[GIVEN DATA]

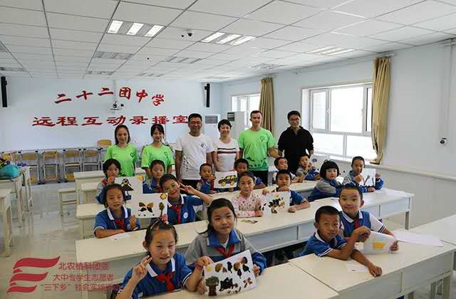 2018年8月28日,“展望寄情三农,助力科技支农”实践团前往新疆生产建设兵团第二师二十二团中学支教。上午10:00,实践团抵达二十二团中学,与党支部书记广建伟、刘权石董事长、办公室主任刘豫进行简单座谈,牛奔老师向校方介绍了实践团带队的教学副经理张杰老师、农业应用新技术北京市重点实验室副主任杨柳老师、团委书记郝娜老师及九位员工,并说明此行的目的——“建立长期友谊,大手拉小手,助力边疆员工成长成才”。对此校领导表示热烈欢迎与支持,并期待将联谊做长做久,传递爱与希望。
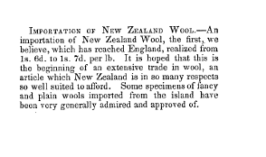 Importation of New Zealand Wool, ---. Living Age, Vol. 2, No. 19 (September 21, 1884), 1 page. CD (HWDA11). Posted October 6, 2004. SAMPLE PAGE. File size 408 KB PDF
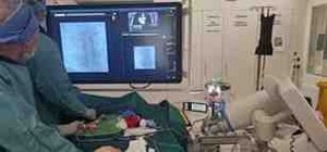 OA Kupfertaler, Leiter der Diagnostischen und Interventionellen Radiologie am Ordensklinikum Linz und OA Nöbauer, Standortleitung Diagnostische und interventionelle Radiologie Barmherzige Brüder nehmen in der Angiographie eine Thrombektomie vor.
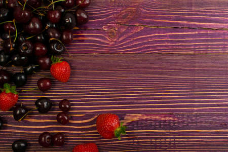 Fresh Summer Strawberries and Cherries on Old Vintage Wooden Background with Copyspace. Burgundy Wood Table Desk Board Texture with Ripe Forest Berries Top View
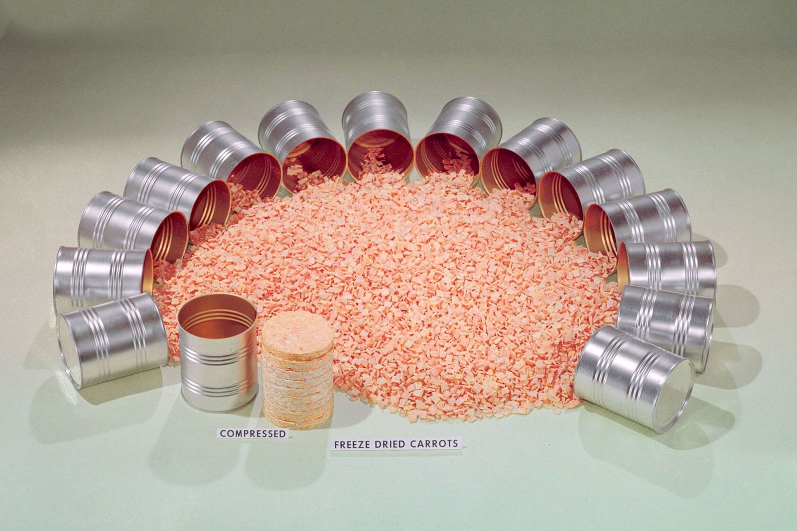 Freeze-dried carrots, compressed, 1969
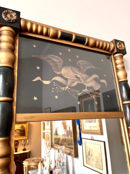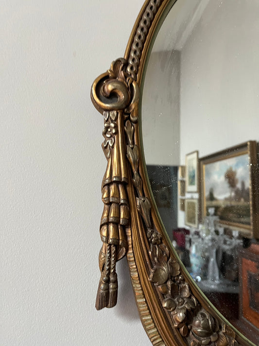 Vintage Ornate Wood Oval Eagle Mirror! 32” long, 22” wide.
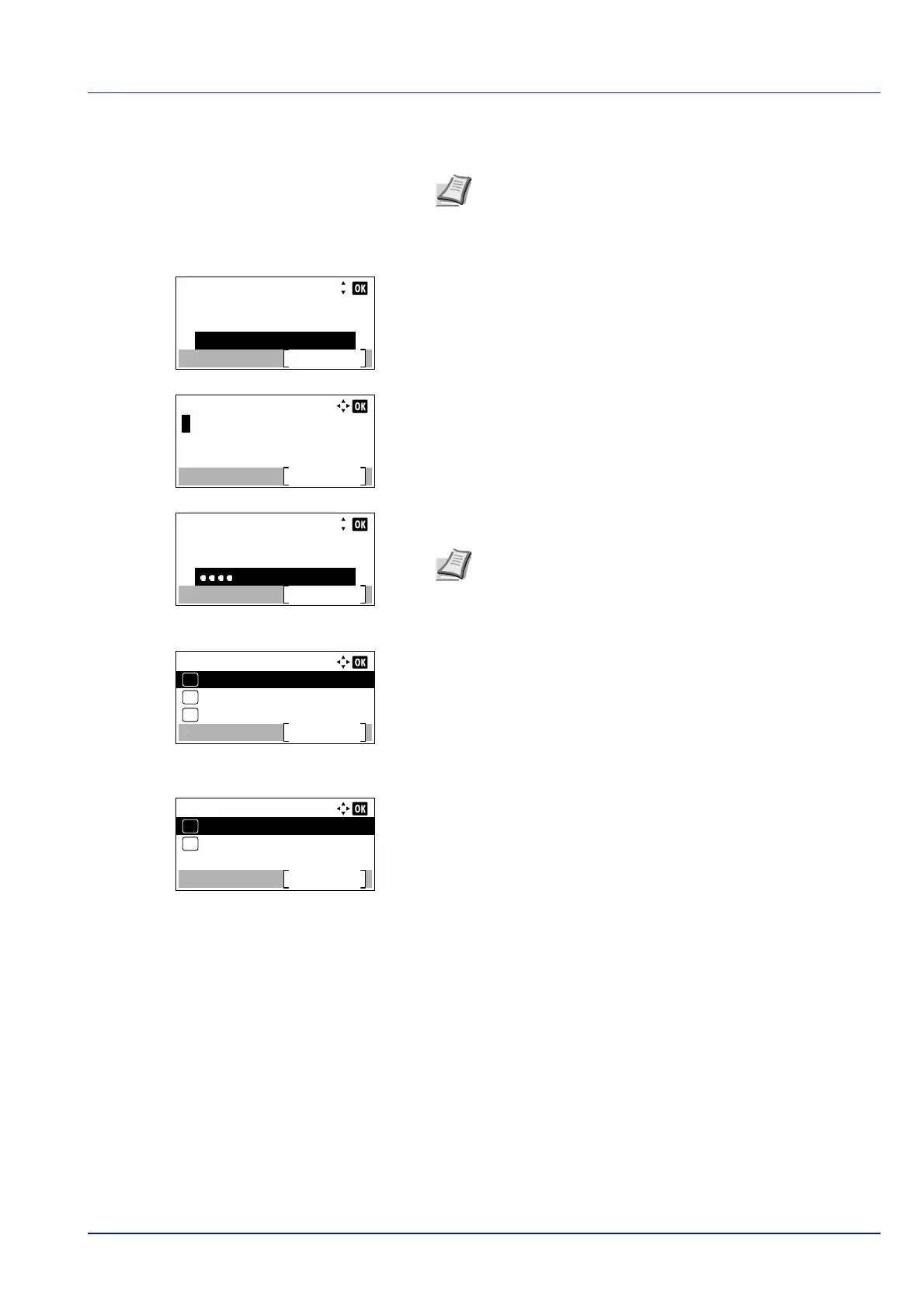 9 Pressing [Login] ([Right Select]). If the entered Login User Name
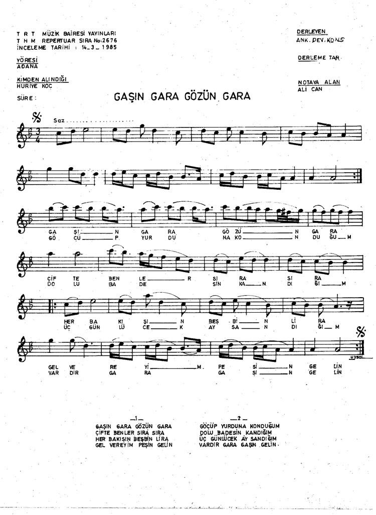 Bu türkünün notasında, sözlerinde veya örnek icrasında bir eksiklik yahut yanlışlık tespit ederseniz, e-mail ile veya WhatsApp hattından bildirim yaparak katkıda bulunabilirsiniz.
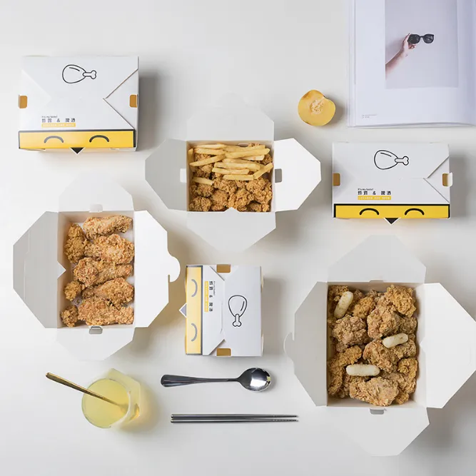 Hộp đựng gà rán là loại hộp giấy đựng gà rán được thiết kế chuyên dụng cho ngành thức ăn nhanh. Hộp đựng gà rán được làm bằng bìa cứng dùng cho thực phẩm, chịu được nhiệt độ và dầu cao, chống thấm nước và chống rò rỉ, thích hợp dùng nóng lạnh, dễ đóng gói. Đây là một hộp đựng gà rán tiện dụng với khả năng bịt kín và cách nhiệt tốt, có thể duy trì độ tươi và nhiệt độ của gà rán một cách hiệu quả. Hộp gà rán do nhà máy Zemeijia sản xuất hỗ trợ in ấn tùy chỉnh và phù hợp cho các cảnh mang đi, phục vụ ăn uống và tiệc tùng.
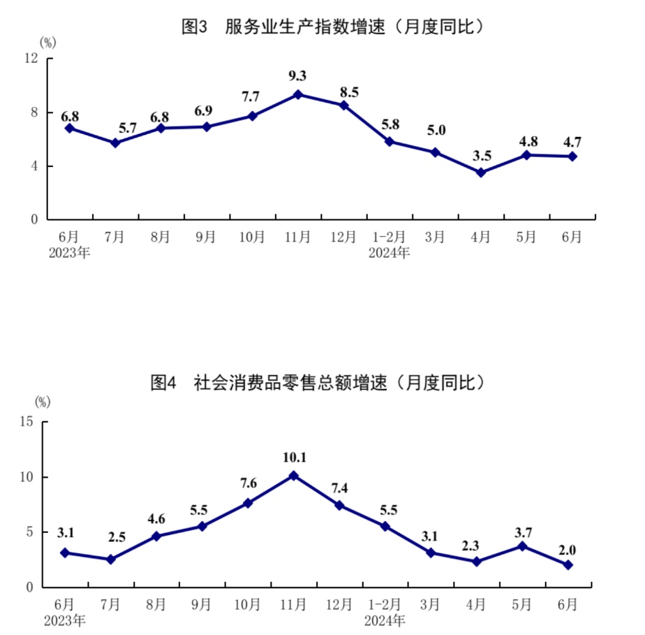 上半年,服务业增加值同比增长4.6%。其中,信息传输、软件和信息技术服务业,租赁和商务服务业,交通运输、仓储和邮政业,住宿和餐饮业,批发和零售业增加值分别增长11.9%、9.8%、6.9%、6.6%、5.7%。6月份,全国服务业生产指数同比增长4.7%。其中,信息传输、软件和信息技术服务业,租赁和商务服务业,交通运输、仓储和邮政业生产指数分别增长13.5%、9.7%、5.4%。1-5月份,规模以上服务业企业营业收入同比增长8.5%。6月份,服务业商务活动指数为50.2%;服务业业务活动预期指数为57.6%,比上月上升0.6个百分点。其中,航空运输、邮政、电信广播电视及卫星传输服务、货币金融服务、保险等行业商务活动指数位于55.0%以上较高景气区间。
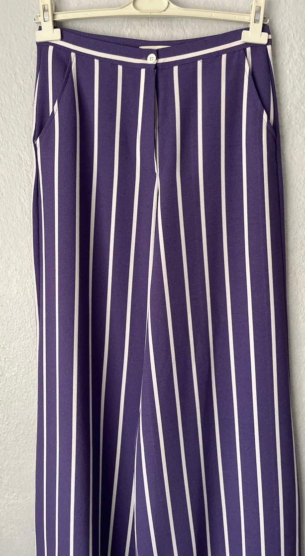 Mor uzun boy çizgili kumaş pantolon.
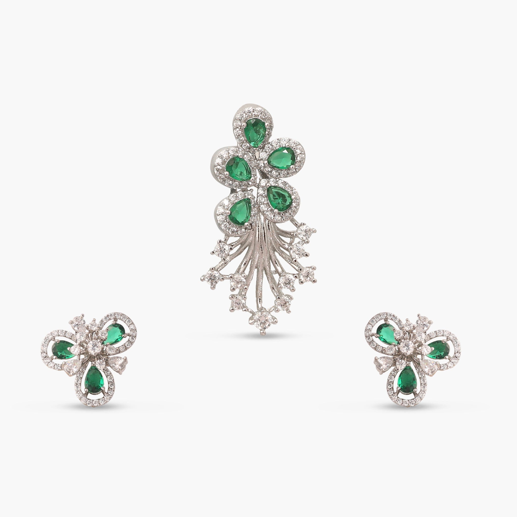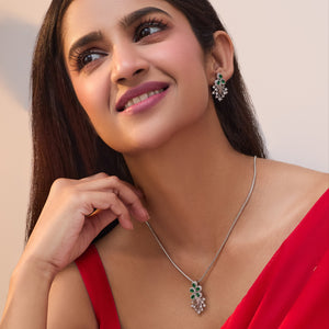 Inspired by the elegance of a peacock feather, this Nakshatra CZ pendant set with a green accent stone is a unique piece for those who love understated artistry.

[/GIVEN DATA]

• _REQUIRED ACTION_: Each entry above needs to be restated without a single word changed; skip the images.

• _SOLUTION_:
 2018年8月28日,“展望寄情三农,助力科技支农”实践团前往新疆生产建设兵团第二师二十二团中学支教。上午10:00,实践团抵达二十二团中学,与党支部书记广建伟、刘权石董事长、办公室主任刘豫进行简单座谈,牛奔老师向校方介绍了实践团带队的教学副经理张杰老师、农业应用新技术北京市重点实验室副主任杨柳老师、团委书记郝娜老师及九位员工,并说明此行的目的——“建立长期友谊,大手拉小手,助力边疆员工成长成才”。对此校领导表示热烈欢迎与支持,并期待将联谊做长做久,传递爱与希望。
 Importation of New Zealand Wool, ---. Living Age, Vol. 2, No. 19 (September 21, 1884), 1 page. CD (HWDA11). Posted October 6, 2004. SAMPLE PAGE. File size 408 KB PDF
 OA Kupfertaler, Leiter der Diagnostischen und Interventionellen Radiologie am Ordensklinikum Linz und OA Nöbauer, Standortleitung Diagnostische und interventionelle Radiologie Barmherzige Brüder nehmen in der Angiographie eine Thrombektomie vor.
 Fresh Summer Strawberries and Cherries on Old Vintage Wooden Background with Copyspace. Burgundy Wood Table Desk Board Texture with Ripe Forest Berries Top View
 Freeze-dried carrots, compressed, 1969
 Vintage Ornate Wood Oval Eagle Mirror! 32” long, 22” wide.
 9 Pressing [Login] ([Right Select]). If the entered Login User Name
 Bu türkünün notasında, sözlerinde veya örnek icrasında bir eksiklik yahut yanlışlık tespit ederseniz, e-mail ile veya WhatsApp hattından bildirim yaparak katkıda bulunabilirsiniz.
 Hộp đựng gà rán là loại hộp giấy đựng gà rán được thiết kế chuyên dụng cho ngành thức ăn nhanh. Hộp đựng gà rán được làm bằng bìa cứng dùng cho thực phẩm, chịu được nhiệt độ và dầu cao, chống thấm nước và chống rò rỉ, thích hợp dùng nóng lạnh, dễ đóng gói. Đây là một hộp đựng gà rán tiện dụng với khả năng bịt kín và cách nhiệt tốt, có thể duy trì độ tươi và nhiệt độ của gà rán một cách hiệu quả. Hộp gà rán do nhà máy Zemeijia sản xuất hỗ trợ in ấn tùy chỉnh và phù hợp cho các cảnh mang đi, phục vụ ăn uống và tiệc tùng.
 上半年,服务业增加值同比增长4.6%。其中,信息传输、软件和信息技术服务业,租赁和商务服务业,交通运输、仓储和邮政业,住宿和餐饮业,批发和零售业增加值分别增长11.9%、9.8%、6.9%、6.6%、5.7%。6月份,全国服务业生产指数同比增长4.7%。其中,信息传输、软件和信息技术服务业,租赁和商务服务业,交通运输、仓储和邮政业生产指数分别增长13.5%、9.7%、5.4%。1-5月份,规模以上服务业企业营业收入同比增长8.5%。6月份,服务业商务活动指数为50.2%;服务业业务活动预期指数为57.6%,比上月上升0.6个百分点。其中,航空运输、邮政、电信广播电视及卫星传输服务、货币金融服务、保险等行业商务活动指数位于55.0%以上较高景气区间。
 Mor uzun boy çizgili kumaş pantolon.
 Inspired by the elegance of a peacock feather, this Nakshatra CZ pendant set with a green accent stone is a unique piece for those who love understated artistry.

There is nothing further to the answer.